Tuesday, April 9, 2013
On the Way Home From School...
On the way home from school the other day, Ty shouts from the back seat of the Odyssey, "Mom. Today I stuck an eraser in my ear, and it must have fallen out on it's own, because I didn't take it out."
What does a mother do with that statement?
This mother decided to wait until we got home to even touch it because I knew I wasn't going to get any answers to the 700,000 questions I had in a car full of school tired/amped up kids. If he really did have an eraser in his ear, it wasn't going anywhere (unless it fell out on it's own...)
Once at home I calmly started in on my 700,000 question - with the patience of a much better mother - I don't know where that came from. Probably from the laugh-ability of the situation.
"How did it get in there?"
"Did you stick your pencil in your ear?"
"Was anyone watching?"
"Were you trying to show off?"
"What were you doing at the time?"
"Does your ear hurt?"
"Can you hear ok?"
OH! and, "Why did you do that?!?"
I'll spare you his answers because none of them are fulfilling or make sense. The gist of it was... he just did it.
Being as it was March and only weeks before his 7th birthday, I thought we were out of the woods with this kind of sticking-things-in-your-orifices behavior. But you know what they say...
Apparently Not.
Finding this little eraser in his ear was not as easy as I thought. I did get one satisfactory answer to one of my questions, "Which ear did you stick it in?" At least we had somewhere to start. With the flashlight clamped between my teeth so that I could use both hands to tug and pry apart his ear, I was finally in a position to ask one more question.
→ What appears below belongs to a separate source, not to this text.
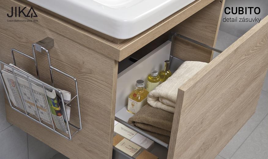 CUBITO - moderní koupelnový nábytek české značky JIKA, který ideálně doplňuje úspěšnou sérii umyvadel a umývátek. Nábytek je nabízen v provedení bílá (lakované čelní plochy, bílý korpus se strukturou dřevního póru), dub a tmavá borovice.

"What color was the eraser?"
One more satisfactory answer for the win. "Pink" So, unless the inside of his ear was unnaturally pink, I was pretty sure I had spotted the culprit.
Ty was not happy when I informed him we had to go to the doctor in order to get it out. This made him a little nervous. "Is it going to hurt?" I told him gently that I didn't know - because I wanted him to sweat it a little. No repeats! Right, folks! Then, one final request on his part, "Can we tell the doctor that the eraser just GOT in there, not that I put it in there?" You can't make this stuff up! I gently told him we couldn't do that (because of the dozen or so sarcastic remarks that came to mind, none of them seemed very nurturing.)
Once inside the office, after telling the nurse the reason for our visit was "An eraser in his ear" the doctor came and took a really cool LED light up wand and quickly and painlessly removed the eraser. You can guess, by the above picture that I asked him, "Would I be a bad mom if I took a picture of this?" I didn't really care about his response, because there was nothing that was going to stop me from documenting this event.
Then of course, the doc and I covered all of the other bodily orifices that he was NOT to stick things in. Job. Well. Done.
Once at home, Ty told me in all seriousness, "Mom. I'm really glad the doctor took the eraser out of my ear, because I didn't want to have eraser poop."
Eraser Poop.
That is just too priceless. How many more years of these childlike little zingers do I even have left? I have to savor it while I still can.